Re: OpenBSD 3.7 on Soekris rebooting at random
On Wed, 31 Aug 2005 12:47:03 +0200 Olivier Mehani [EMAIL PROTECTED] wrote: I've just finished upgrading my router to 3.8-beta (GENERIC#119). Ok, the machine has been running without problem nor unwanted reboots for almost three days. It hasn't been able to last that long before the upgrade. I think the problem is fixed then. Ath works correctly in hostap mode with said kernel ;). Thank you for the advice ! -- Olivier Mehani [EMAIL PROTECTED] PGP fingerprint: 3720 A1F7 1367 9FA3 C654 6DFB 6845 4071 E346 2FD1
Re: OpenBSD 3.7 on Soekris rebooting at random
On Tue, 23 Aug 2005 19:49:46 +0200 [EMAIL PROTECTED] wrote: I haven't time in the next 10 days to play with it, but maybe Olivier can give some feedback in case he tries the latest snapshot? I've just finished upgrading my router to 3.8-beta (GENERIC#119). I'm going to stress the machine a little now ;) I keep you informed. -- Olivier Mehani [EMAIL PROTECTED] PGP fingerprint: 3720 A1F7 1367 9FA3 C654 6DFB 6845 4071 E346 2FD1
OpenBSD 3.7 on Soekris rebooting at random
Hi, I'm facing a strange problem (started a week or so ago): My OpenBSD 3.7 running on a Soekris net4511 reboots with no obvious reason.
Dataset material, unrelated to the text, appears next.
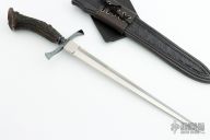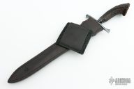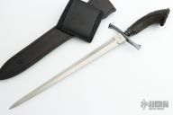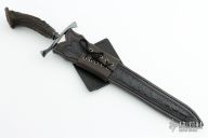 This Dagger by Ron Frazier features a hand rub satin finished double edged blade with .240" blade stock and 1.088" blade depth, hidden tang construction. The handle has a blued steel guard and a crown stag grip. Comes with a black leather sheath with alligator skin inlay. Excellent condition. Stunning!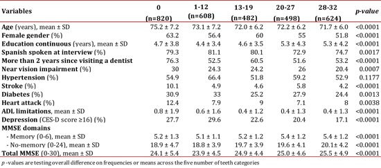 For further analyses, we dichotomized the number of teeth (0-12 vs. 13-32) because there was no statistically significant difference on MMSE scores at follow-up between group 1 (edentulous or 0 teeth) and group 2 (1-12 teeth). However, the other groups (3= 13-19 teeth; 4= 20-27 teeth; and 5= 28-32 teeth) had statistically significant lower MMSE scores when compared to groups 1 and 2 (p <0.05).

I've started monitoring the memory usage, load average and pf states, but these do not seem to be related to the problem. I'm also using the hardware watchdog which I will disable to see if it is involved in the problem, but everything has been working well for more than two months with it before. Do you have any suggestion of other things I should monitor ? Thanks -- Olivier Mehani [EMAIL PROTECTED] [demime 1.01d removed an attachment of type application/pgp-signature]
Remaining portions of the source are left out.